80/20 Rule in

Data Science


The 80/20 rule, also known as the Pareto principle, is a widely-used rule of thumb in data science. It states that roughly 80% of the effects come from 20% of the causes. This means that in any given situation, a small number of factors are likely to be responsible for the majority of the outcomes.

One example of the 80/20 rule in data science is in the field of predictive modeling. When building a predictive model, it is common to find that a small number of features (20%) are responsible for the majority of the predictive power (80%) of the model. This means that it is often not necessary to use all available features to build an effective model, and that a more parsimonious model with only the most important features can often be just as effective.

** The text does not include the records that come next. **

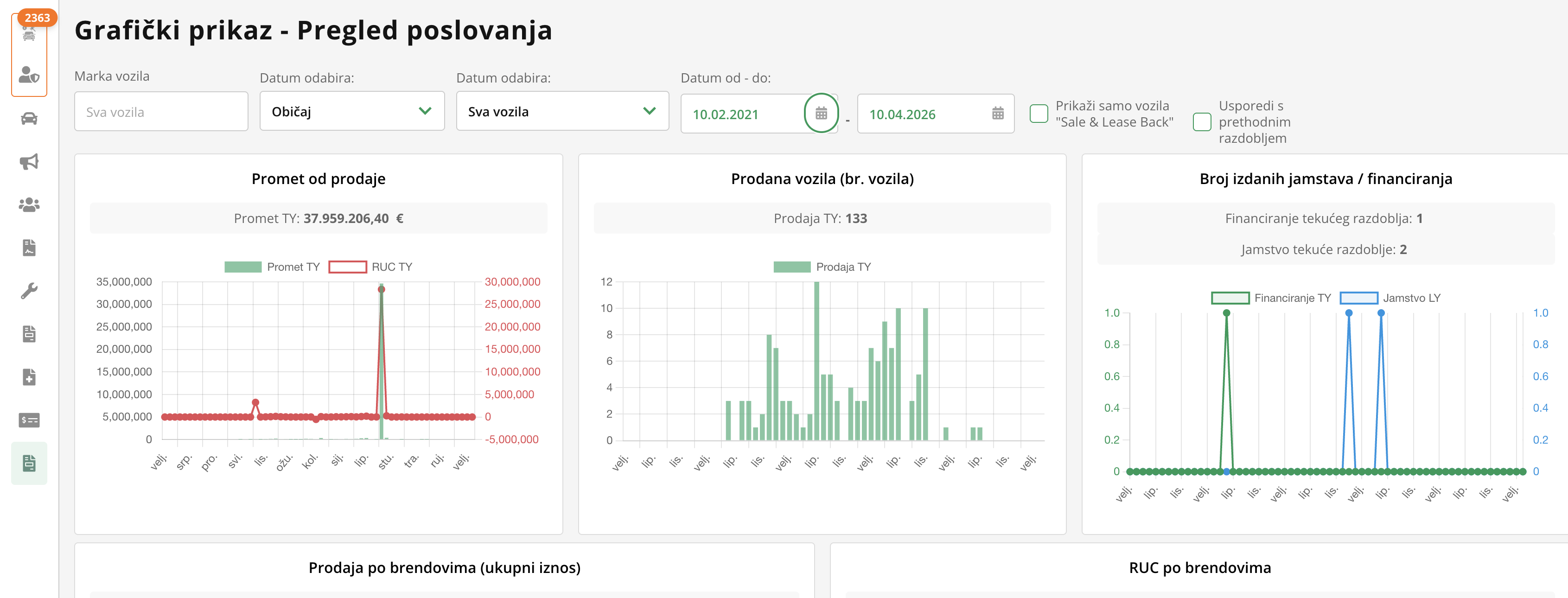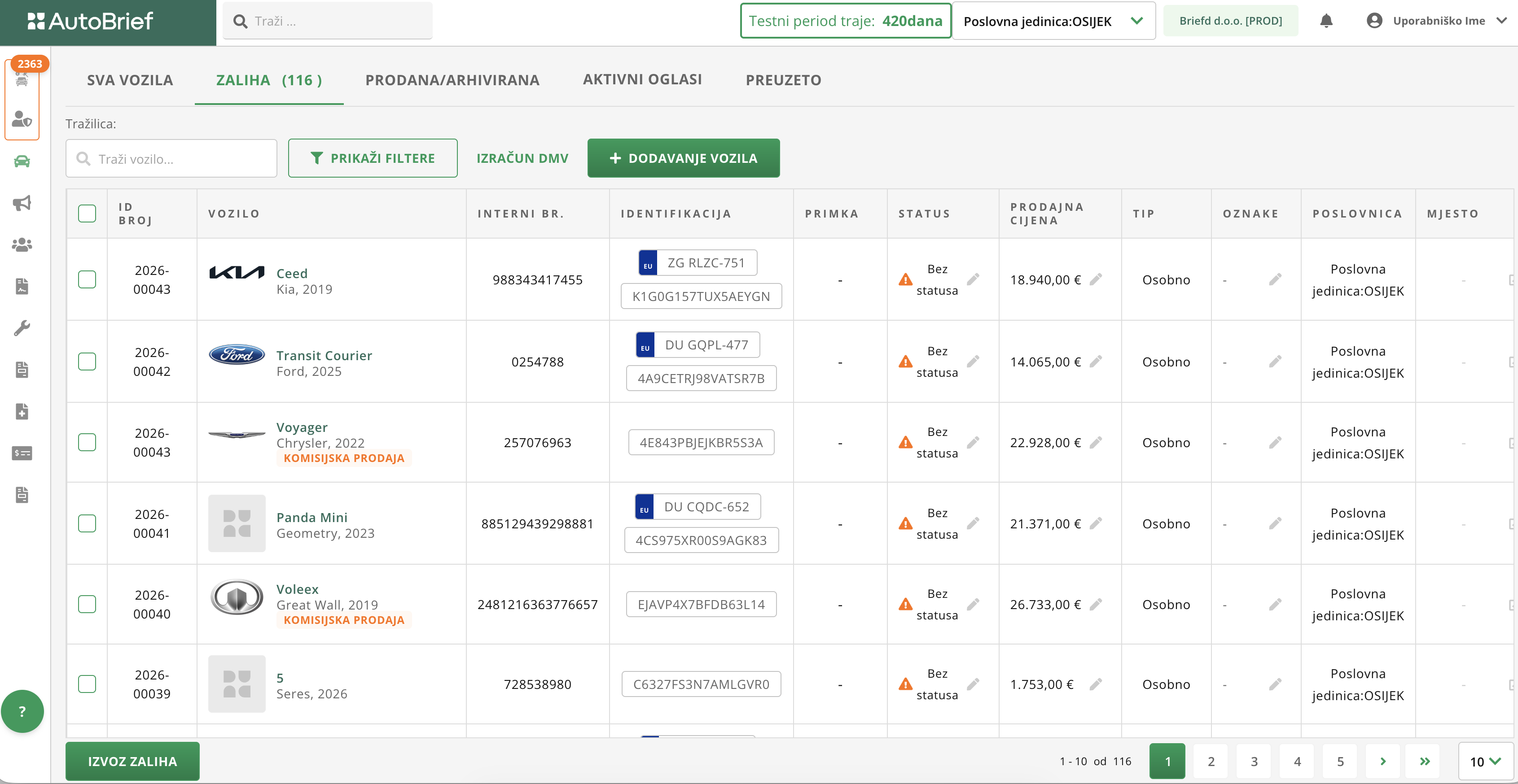 U modulu Vozila nalazi se zaliha svih vozila u tvrtki. Ovdje dodajete nova vozila, uređujete podatke, pratite troškove i pripremate vozila za prodaju ili oglašavanje.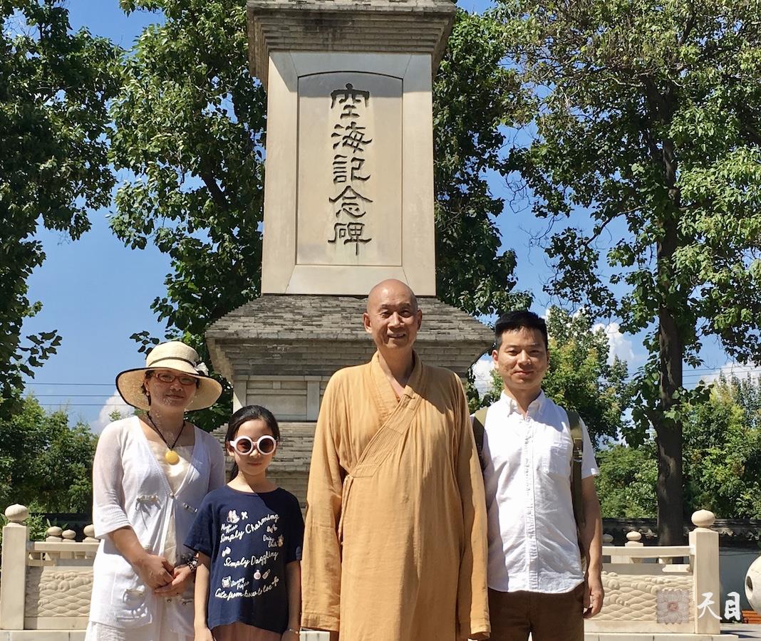 图一、二:恩师圣观法师和常珍居士、常清居士、常俊居士、常彩居士在青龙寺空海法师纪念塔前合影、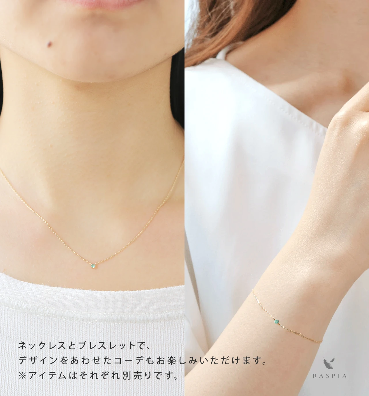 RASPIA(ラスピア)は、シンプルで大人可愛いデザインをイメージし、カラーストーン/天然石とK10(10金)/K18(18金)の本物のゴールド素材を使って手作りしています。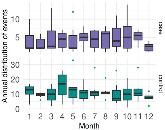 Distributed by months, the mean number of cases was 4.39 ± 3.09; with controls, the mean was 11.31 ± 6.38 There was a tendency to increase twice a year around April and October (Figure 3).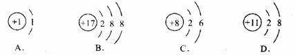 8.(08年苏州)根据下列微粒的结构示意图(圆圈内“+”号和数字表示带正电的质子的数目,弧线上数字代表各电子层带负电的电子的数目),其中属于阳离子的是 ( )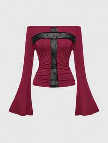 T-shirt slim femme à col bénitier avec croix gothique ajourée et floquée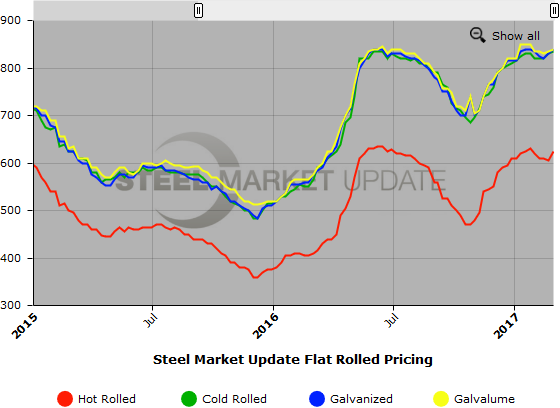 SMU Note: Below is a graphic showing our hot rolled, cold rolled, galvanized, and Galvalume price history. To use the graphs interactive capabilities, you must view it on our website here. If you need help navigating the website or need to know your login information, contact us at info@SteelMarketUpdate.com or by calling 800-432-3475.

Another example of the 80/20 rule in data science is in the analysis of customer data. In many cases, it is found that a small percentage of customers (20%) account for the majority of a company’s revenue (80%). This means that it is often more effective for a company to focus its marketing efforts on retaining and expanding business with these high-value customers, rather than trying to attract new customers.

Additional examples:

  1. In a dataset of customer purchases, 80% of the revenue is generated by 20% of the customers.
  2. In a dataset of web traffic, 80% of the pageviews come from 20% of the pages on the website.
  3. In a dataset of employee performance, 80% of the productivity is contributed by 20% of the employees.
  4. In a dataset of customer feedback, 80% of the complaints are related to 20% of the products.
  5. In a dataset of social media followers, 80% of the engagement is generated by 20% of the followers.

Overall, the 80/20 rule is a useful heuristic in data science that can help researchers and analysts identify the most important factors in a given situation, and focus their efforts on those factors in order to achieve the greatest impact.